An ultimate objective in tissue engineering is to functionalize implantable materials directing cellular adhesion, phenotype, and enhance site-specific regeneration of damaged or diseased tissues. One such instance is the construction of 3D tissue constructs involving multiple cell types. To this point, most PEM-related tissue engineering applications have focused on surface coatings. However, due to the tunable nanoarchitecture of PEMs they can be used in the construction of 3D liver mimics.27 The PEM must provide a mechanical support for LSEC culture, a physical barrier between hepatocytes and LSECs, but most importantly allow diffusion of signaling molecules to facilitate cell–cell communication and phenotypic maintenance of both cell types.
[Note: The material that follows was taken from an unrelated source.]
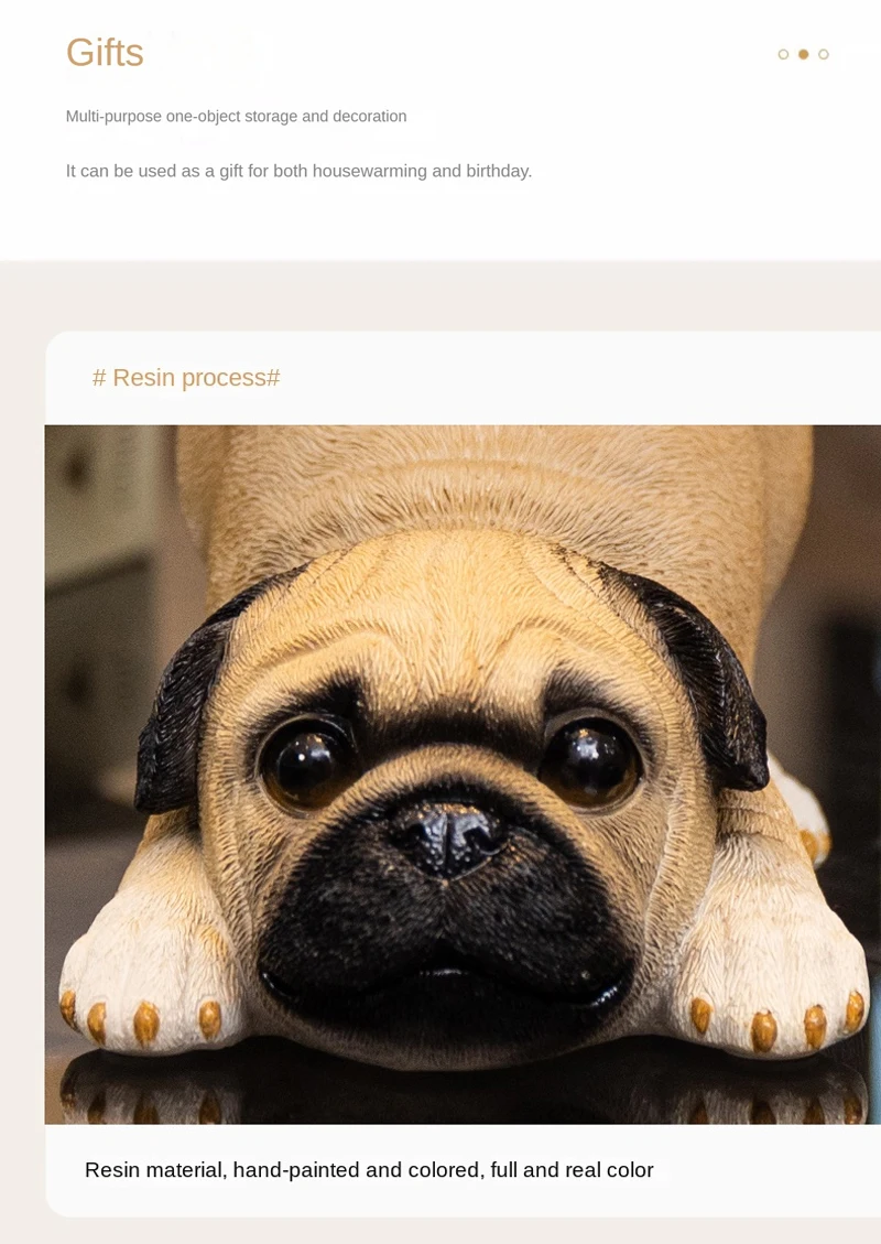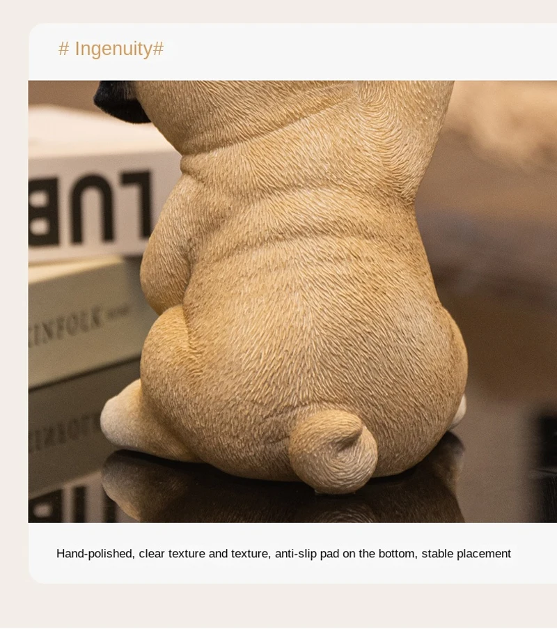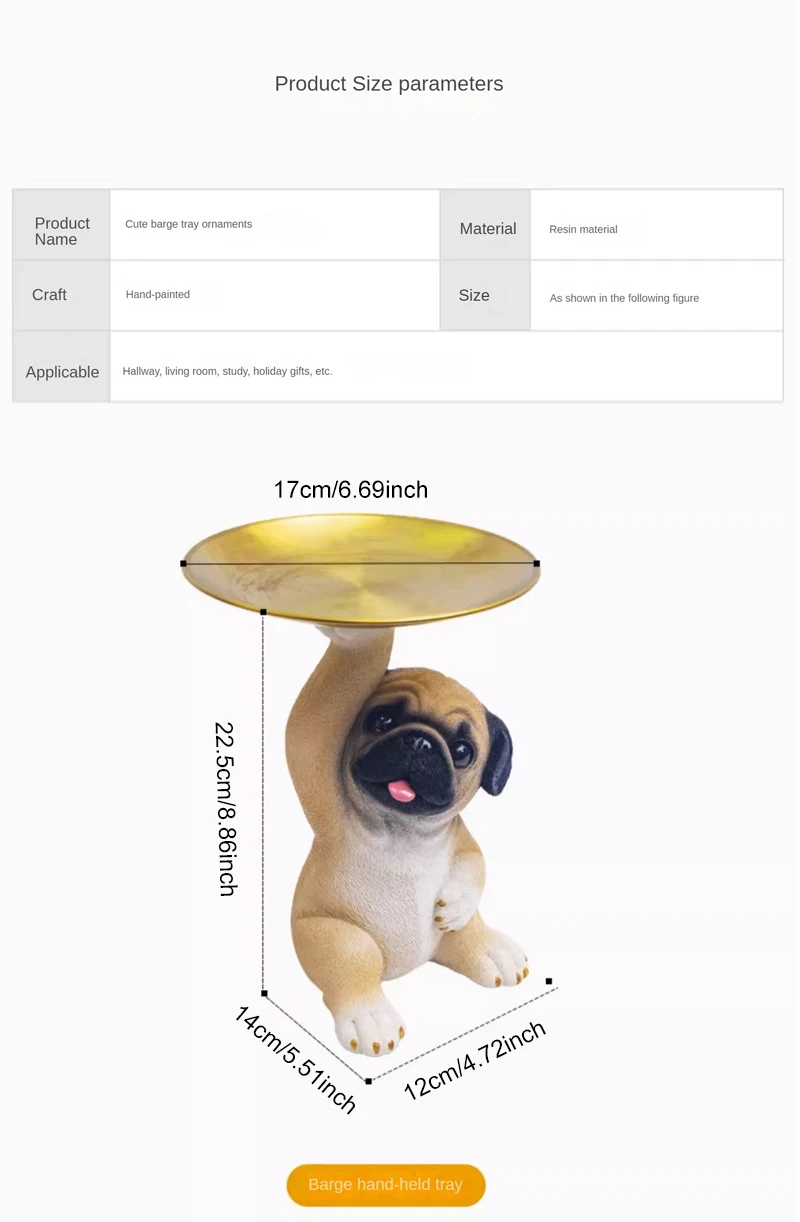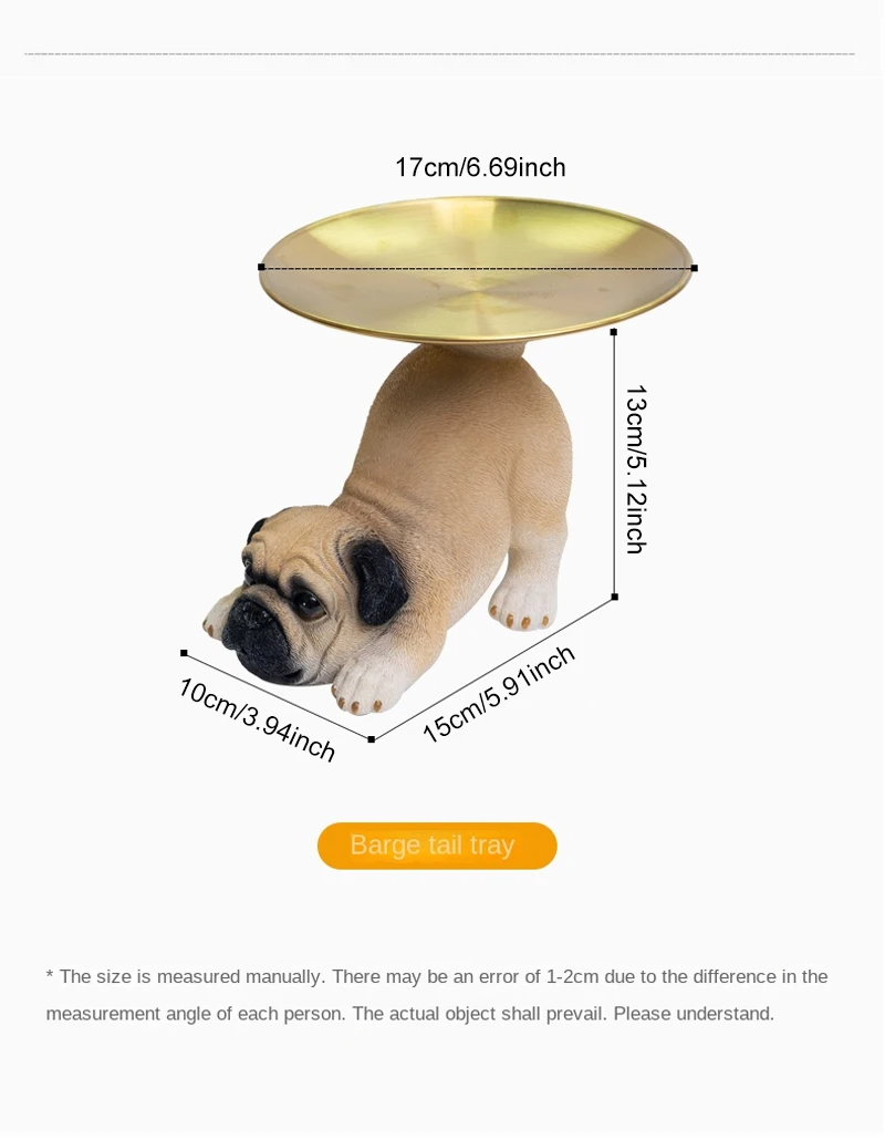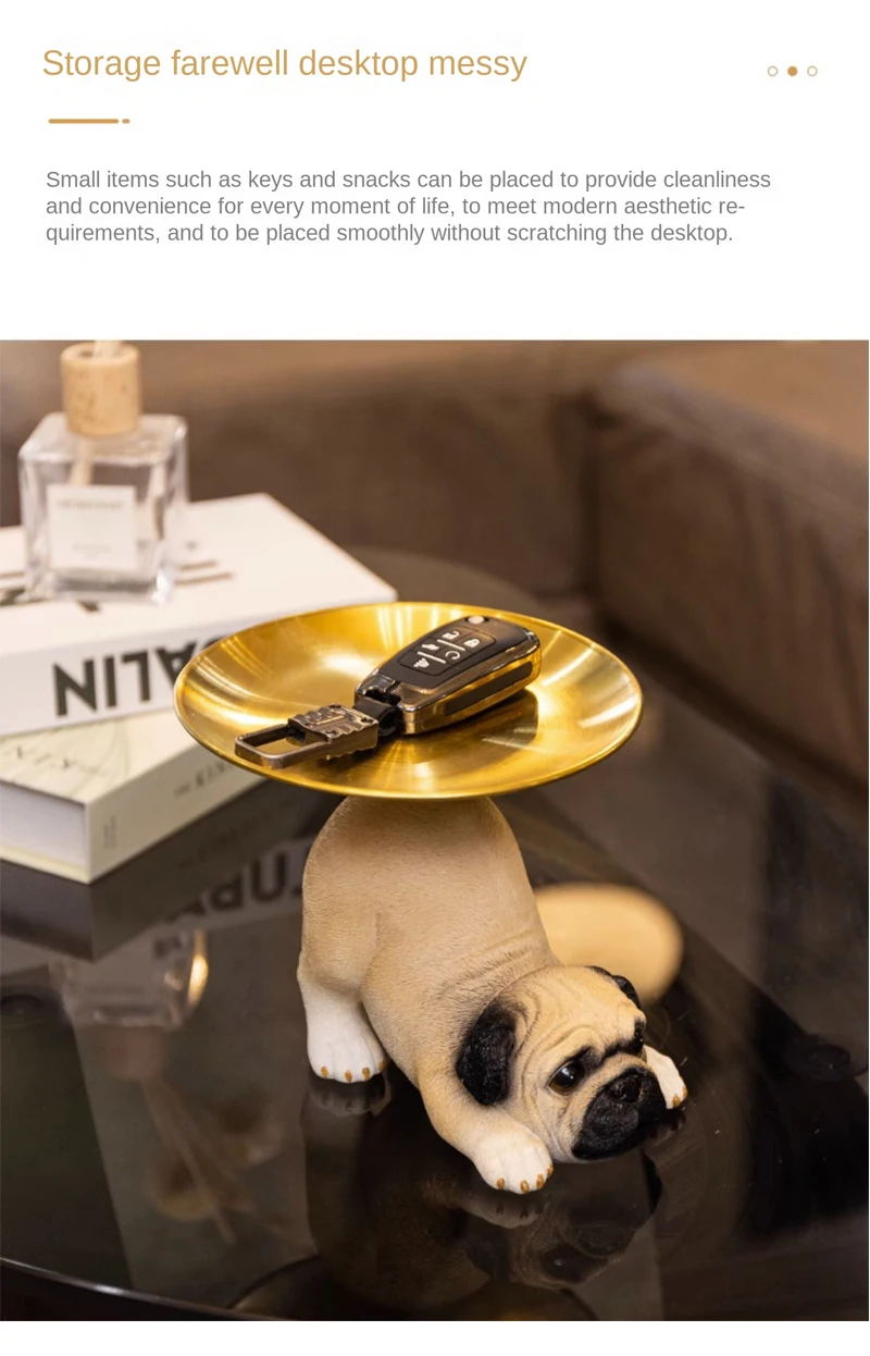 TingKe American Cute Pug Dog Tray Ornament Home Decoration Animal Resin Ornament Living Room Desktop Decoration Storage Tray

Recent efforts to create free standing PEMs comprised of synthetic and biologically derived PEs18,140,141 exhibit tremendous potential to be utilized as scaffolds in tissue engineering. An application with much potential in biological therapeutic applications is the coating of individual cells with biocompatible PEMs. Use of PEMs to coat a cell will likely alter its biological activity, but a carefully chosen combination of PEs may result in optimal physiological function.
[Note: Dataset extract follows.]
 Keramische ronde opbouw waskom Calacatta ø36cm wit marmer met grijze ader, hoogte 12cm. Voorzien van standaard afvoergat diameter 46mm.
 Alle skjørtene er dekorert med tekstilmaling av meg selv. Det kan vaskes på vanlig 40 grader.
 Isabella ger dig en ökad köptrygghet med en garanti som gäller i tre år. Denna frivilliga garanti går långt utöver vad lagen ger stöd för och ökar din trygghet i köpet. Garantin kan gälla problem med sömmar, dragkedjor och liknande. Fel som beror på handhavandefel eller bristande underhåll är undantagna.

Finally, the number of tissue engineering application employing PEMs are rapidly expanding and providing useful insights into cellular responses to different combinations of mechanical and chemical signals. In the near future, PEM applications studied in vitro for drug delivery and directing cellular phenotype will undoubtedly proceed to in vivo applications and clinical trials. Current research and emerging ideas to functionalize surfaces for biological applications will benefit from the unique and highly tunable nature of PEMs as they can be deposited on any surface with a wide range of mechanical and chemical properties.
We gratefully acknowledge financial support from the National Science Foundation (DMR-090750, P.R.), the National Institutes of Health (NIDDK-1R21DK077802, P.R.), the Institute for Critical Technology and Applied Sciences (P.R.), and the MILES-NSF IGERT program at Virginia Polytechnic Institute and State University (A.L.L. and P.R.).
No competing financial interests exist.